Aug
7
Pescanova urges for an agreement with banks to put a two year long moratorium on its debt payments, which amount to €99.8 million, reports La Voz de Galicia.
The company is also applying for a new credit line of between €30m and €40m. The company will now have to await the decision of the banks, although they have shown skeptical about the viability of Pescanova’s turbot subsidiary in Portugal.

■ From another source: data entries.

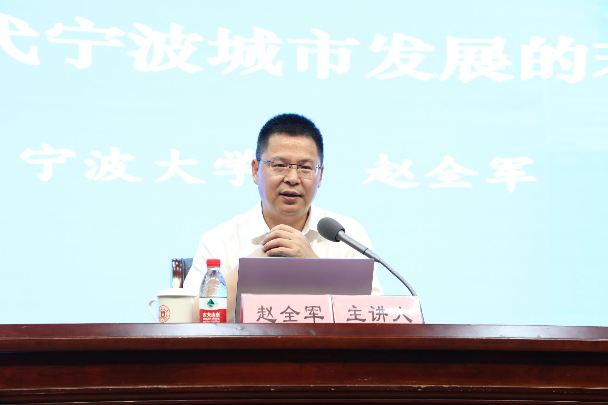 赵全军从宁波的基本情况出发,向同学们分别概括了陆上宁波、海上宁波、海外宁波的基本情况,让同学们对宁波有了全面的了解。同时,他针对宁波发展成效提出“四力宁波”的概念,分别从实力、活力、魅力、给力四个方面向同学们描绘了一幅别开生面的宁波画卷。随后,他揭示了宁波取得如此发展成效的原因,指出了集群发展、民营经济、体制优势、文化带动这四个的优势造就了现有的宁波。最后,他总结了宁波发展面临的创新策源能力不够强、“两头在外”的外向型经济面临极大不确定性、传统优势在弱化、规模体量缺优势等四大难题,并创造性地提出了宁波新发展新思路的四大抓手。
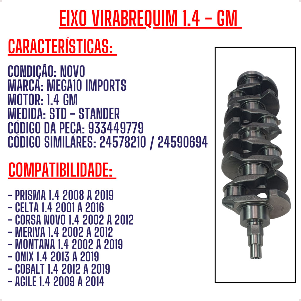 Eixo Virabrequim 1.4 8v Corsa Meriva Montana Prisma Std Manivela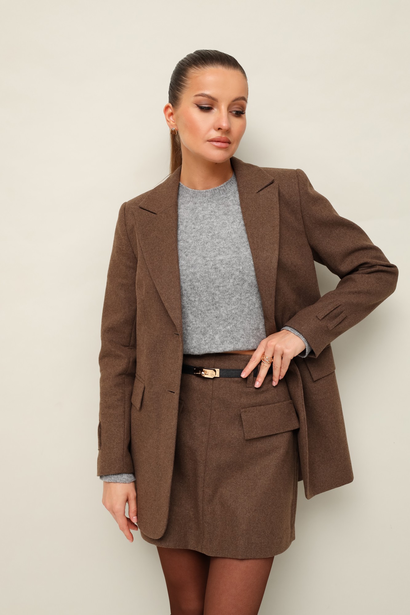 Стильный 2-предметный комплект, состоящий из жакета и юбки-шорт. Комплект выполнен из качественной костюмной ткани. Жакет современного прямого силуэта однобортный, застёгивающийся на петли и пуговицы, край борта скругленный по низу изделия. Воротник пиджачного типа с отложными лацканами. По переду обработаны прорезные карманы в рамку с клапанами. Рукава втачные двухшовные. Спинка со средним швом. Изделие на подкладке. Юбка-шорты в длине мини, на обтачке по поясу спереди и с притачным поясом по спинке. На переднем полотнище обработаны клапаны, имитирующие карманы. Застежка в боковом шве на потайную тесьму-молнию. По низу рукавов жакета и в юбке-шортах по линии талии предусмотрены шлевки. В комплекте прилагается акцентный пояс.

In July, however, Spanish media reported Pescanova had given powers to auditor PriceWaterhouseCoopers to sell its stake in Acuinova the turbot farm located in Portugal.
The fish farm has more than €100m in liabilities, and cost the parent company some €200m after former Pescanova chairman Manuel Fernandez chose the Portuguese village of Mira when Cabo Tourinan, in Galicia, refused the project.
In 2013, operations at Mira’s plant of the largest turbot farm in Europe — Pescanova’s Portuguese subsidiary Acuinova — were resumed, allowing a production of around 3,500 metric tons per year.
“The future of the site will depend on the agreement reached with Portuguese banks,” said Senen Touza, Pescanova’s bankrupcy administrator from Deloitte, at the company’s shareholder meeting held in July 1.
At that time, negotiations on the future of Acuinova seem to end up favoring Portuguese creditor banks’ bid, as they did not want to finance debts.